> **WHAT YOU HAVE TO DO**:
The response should be an exact transcription of the data below, free of images.

> **RAW DATA**:
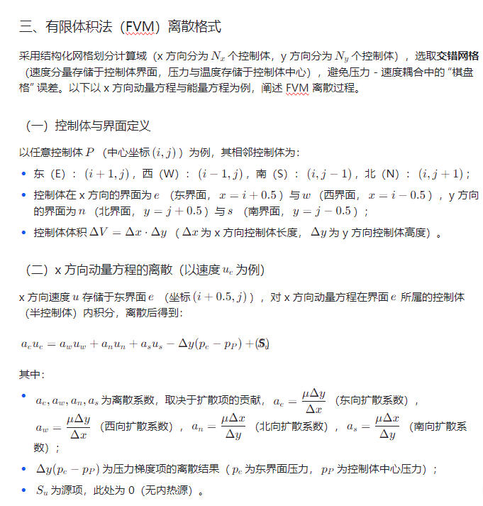 传统解析方法(如纳维 - 斯托克斯方程的相似解)仅适用于简单边界条件(如恒壁温、恒热流),无法应对复杂加热模式(如局部加热、非均匀热流);而有限体积法(FVM)凭借 “守恒性好、边界处理灵活” 的优势,结合 SIMPLE 算法解决压力 - 速度耦合问题,成为求解这类稳态层流换热问题的主流数值方法。
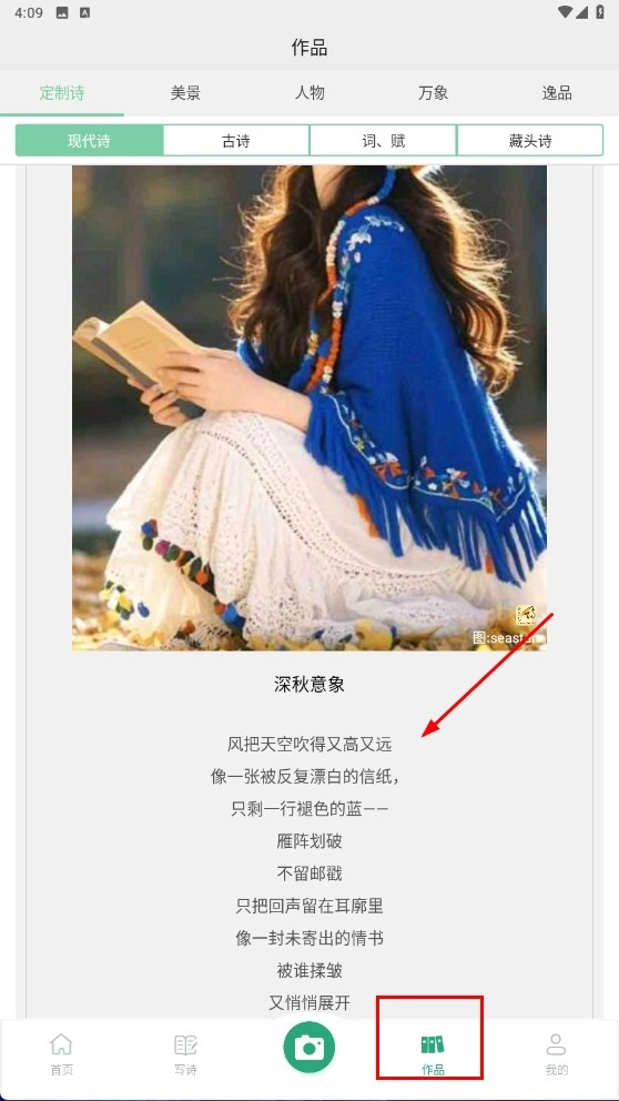 1、点击底部的【写诗】功能按钮,即可进入依图配诗页面。
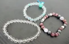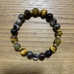 ブラウン系の石の数珠に、シルバー色のスカルがかっこいいブレスレットです。
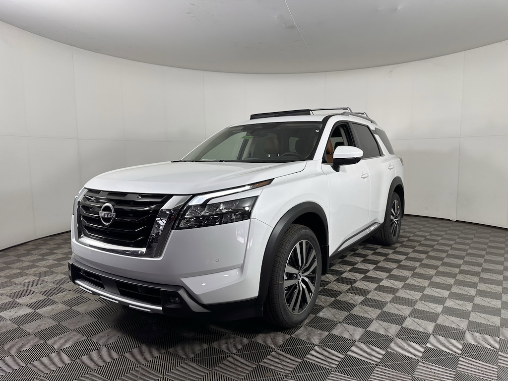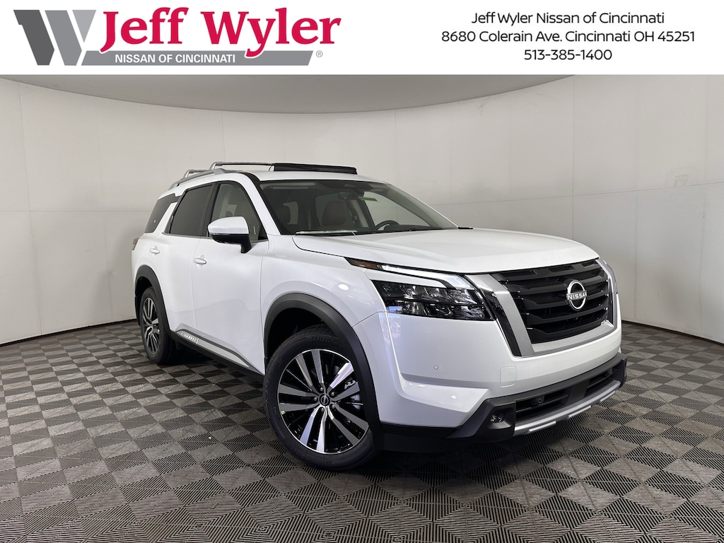 Everest White Pearl Tricoat 2025 Nissan Pathfinder Platinum 4WD 9-Speed Automatic Jeff Wyler Nissan of Cincinnati is delighted to offer this attractive 2025 Nissan Pathfinder Platinum in Everest White Pearl Tricoat. Well equipped with: Cargo Package (Cargo Area Protector, Cargo Net, and First Aid), 4WD, 13 Speakers, 3rd row seats: bench, 4-Wheel Disc Brakes, ABS brakes, Air Conditioning, Alloy wheels, AM/FM radio: SiriusXM, Auto High-beam Headlights, Auto tilt-away steering wheel, Auto-dimming Rear-View mirror, Automatic temperature control, Bench Seat Carpeted Floor Mats (Set of 4), Bodyside moldings, Bose Premium Audio System, Brake assist, Bumpers: body-color, Climate Controlled Front Bucket Seats, Cross Bars, Delay-off headlights, Driver door bin, Driver vanity mirror, Dual front impact airbags, Dual front side impact airbags, Electronic Stability Control, Emergency communication system, Exterior Parking Camera Rear, Four wheel independent suspension, Front anti-roll bar, Front Bucket Seats, Front Center Armrest, Front dual zone A/C, Front reading lights, Fully automatic headlights, Garage door transmitter: HomeLink, Heads-Up Display, Heated door mirrors, Heated front seats, Heated rear seats, Heated steering wheel, Illuminated entry, Knee airbag, Leather steering wheel, LED Fog Lamps, Low tire pressure warning, Memory seat, Navigation system: NissanConnect with Navigation and Services, NissanConnect featuring Apple CarPlay and Android Auto, NissanConnect w/Navigation & Services, Occupant sensing airbag, Outside temperature display, Overhead airbag, Overhead console, Panic alarm, Passenger door bin, Passenger vanity mirror, Power door mirrors, Power driver seat, Power Liftgate, Power moonroof, Power passenger seat, Power steering, Power windows, Radio data system, Radio: AM/FM Audio System, Rain sensing wipers, Rear air conditioning, Rear anti-roll bar, Rear reading lights, Rear seat center armrest, Rear side impact airbag, Rear window defroster, Rear window wiper, Reclining 3rd row seat, Remote keyless entry, Security system, Semi-Aniline Leather-Appointed Seating Surfaces, Speed control, Speed-sensing steering, Speed-Sensitive Wipers, Split folding rear seat, Spoiler, Steering wheel memory, Steering wheel mounted audio controls, Tachometer, Telescoping steering wheel, Tilt steering wheel, Traction control, Trip computer, Turn signal indicator mirrors, Variably intermittent wipers, Ventilated front seats, and Wheels: 20" x 8J Machined Alloy. 3.5L V6 DOHC 4WD.Recent Arrival!Wyler Family First Package Includes: NanoCure Appearance Protection: Exterior & Interior Chemical Sealant Applied to Protect Against Environmental Hazards (7 Year Warranty Coverage). Pulse- Rear end Collision Avoidance System Theft Deterrent Strategy gives you 5 Years of Coverage against vehicle Theft, Offering up to a $5,000 benefit. Price includes: $5000 - Nissan Customer Cash. Exp. 11/03/2025

> **WRITTEN REPLY**:
 传统解析方法(如纳维 - 斯托克斯方程的相似解)仅适用于简单边界条件(如恒壁温、恒热流),无法应对复杂加热模式(如局部加热、非均匀热流);而有限体积法(FVM)凭借 “守恒性好、边界处理灵活” 的优势,结合 SIMPLE 算法解决压力 - 速度耦合问题,成为求解这类稳态层流换热问题的主流数值方法。
 1、点击底部的【写诗】功能按钮,即可进入依图配诗页面。
 ブラウン系の石の数珠に、シルバー色のスカルがかっこいいブレスレットです。
 Everest White Pearl Tricoat 2025 Nissan Pathfinder Platinum 4WD 9-Speed Automatic Jeff Wyler Nissan of Cincinnati is delighted to offer this attractive 2025 Nissan Pathfinder Platinum in Everest White Pearl Tricoat. Well equipped with: Cargo Package (Cargo Area Protector, Cargo Net, and First Aid), 4WD, 13 Speakers, 3rd row seats: bench, 4-Wheel Disc Brakes, ABS brakes, Air Conditioning, Alloy wheels, AM/FM radio: SiriusXM, Auto High-beam Headlights, Auto tilt-away steering wheel, Auto-dimming Rear-View mirror, Automatic temperature control, Bench Seat Carpeted Floor Mats (Set of 4), Bodyside moldings, Bose Premium Audio System, Brake assist, Bumpers: body-color, Climate Controlled Front Bucket Seats, Cross Bars, Delay-off headlights, Driver door bin, Driver vanity mirror, Dual front impact airbags, Dual front side impact airbags, Electronic Stability Control, Emergency communication system, Exterior Parking Camera Rear, Four wheel independent suspension, Front anti-roll bar, Front Bucket Seats, Front Center Armrest, Front dual zone A/C, Front reading lights, Fully automatic headlights, Garage door transmitter: HomeLink, Heads-Up Display, Heated door mirrors, Heated front seats, Heated rear seats, Heated steering wheel, Illuminated entry, Knee airbag, Leather steering wheel, LED Fog Lamps, Low tire pressure warning, Memory seat, Navigation system: NissanConnect with Navigation and Services, NissanConnect featuring Apple CarPlay and Android Auto, NissanConnect w/Navigation & Services, Occupant sensing airbag, Outside temperature display, Overhead airbag, Overhead console, Panic alarm, Passenger door bin, Passenger vanity mirror, Power door mirrors, Power driver seat, Power Liftgate, Power moonroof, Power passenger seat, Power steering, Power windows, Radio data system, Radio: AM/FM Audio System, Rain sensing wipers, Rear air conditioning, Rear anti-roll bar, Rear reading lights, Rear seat center armrest, Rear side impact airbag, Rear window defroster, Rear window wiper, Reclining 3rd row seat, Remote keyless entry, Security system, Semi-Aniline Leather-Appointed Seating Surfaces, Speed control, Speed-sensing steering, Speed-Sensitive Wipers, Split folding rear seat, Spoiler, Steering wheel memory, Steering wheel mounted audio controls, Tachometer, Telescoping steering wheel, Tilt steering wheel, Traction control, Trip computer, Turn signal indicator mirrors, Variably intermittent wipers, Ventilated front seats, and Wheels: 20" x 8J Machined Alloy. 3.5L V6 DOHC 4WD.Recent Arrival!Wyler Family First Package Includes: NanoCure Appearance Protection: Exterior & Interior Chemical Sealant Applied to Protect Against Environmental Hazards (7 Year Warranty Coverage). Pulse- Rear end Collision Avoidance System Theft Deterrent Strategy gives you 5 Years of Coverage against vehicle Theft, Offering up to a $5,000 benefit. Price includes: $5000 - Nissan Customer Cash. Exp. 11/03/2025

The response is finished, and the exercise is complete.